Csaba: I also used to connect the world of animation primarily to cartoons and children’s films. It was Primanima that made me realize that animation is also an opportunity to go beyond physical limitations and to convey messages similar to those of live-action feature films for adults too.
Tamás: I believe every animation festival organizer in the world feels that it is their responsibility to emphasize that animation is not only for children. It is a constant struggle, because television channels have children’s animations in their programme almost exclusively, even though there are so many animations about contemporary topics out there for adults. But animations for adults are not really supported in Hungary, only the films made for children. State institutions are usually very loud and proud about how many animation films they have supported recently, but they tend to not talk about how these are not so much in the category of original shorts for adults giving a complex perspective of our lives, but only innocent children’s stories. Not to mention that in the past ten to fifteen years animated documentaries also became popular, through which personal journals and family stories are shared—and the pointed promotion of these is also missing from the Hungarian scene.

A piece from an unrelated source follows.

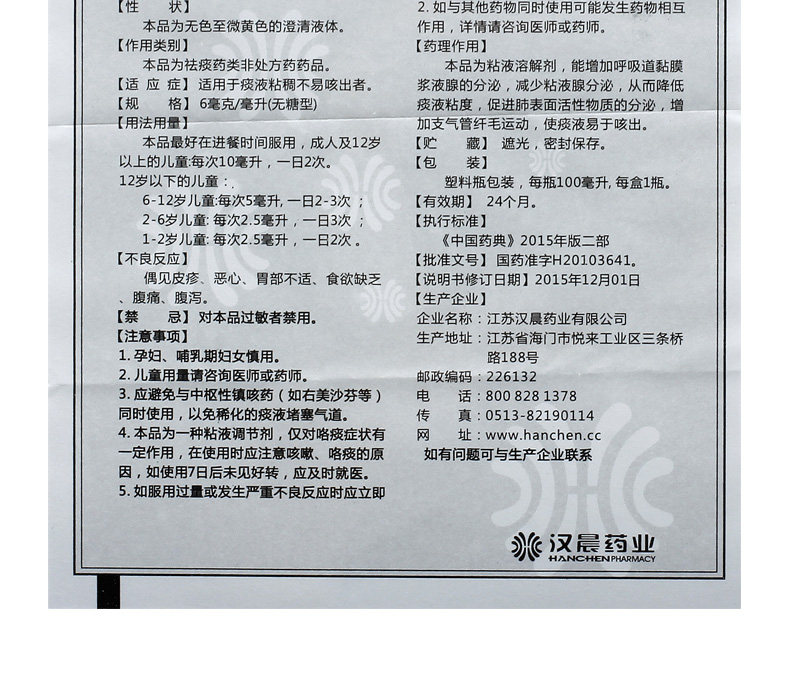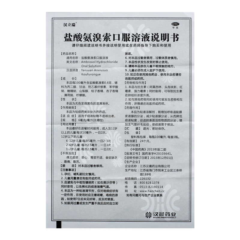 汉立瑞 Аурорамид гидрохлорид пероральный раствор 100 мл*1 бутылка/коробка бронхит холод, кашель, сложности мокроты

And let us not talk about the fact that it is close to impossible to get funding for non-narrative animation films, despite animation being not only a genre of film but art too.
Could you tell us about a memorable Primanima experience of yours from the past 10 years?
Csaba: There is no way I could pick a single one, and it would be unfair to do so anyway. But I can tell you that I had a fantastic time whenever I dropped by an end-of-the-day party—which always reminded me of the underground parties of the ‘80s—during the festival after a long, tiring day spent working.
Tamás: For me, the greatest experience every year is the moment when the festival “starts to work”. When I see the curious crowds arrive, watch the films, and then have long, almost euphoric conversations and debates about them—when I see animation bringing new life and new energy to the community.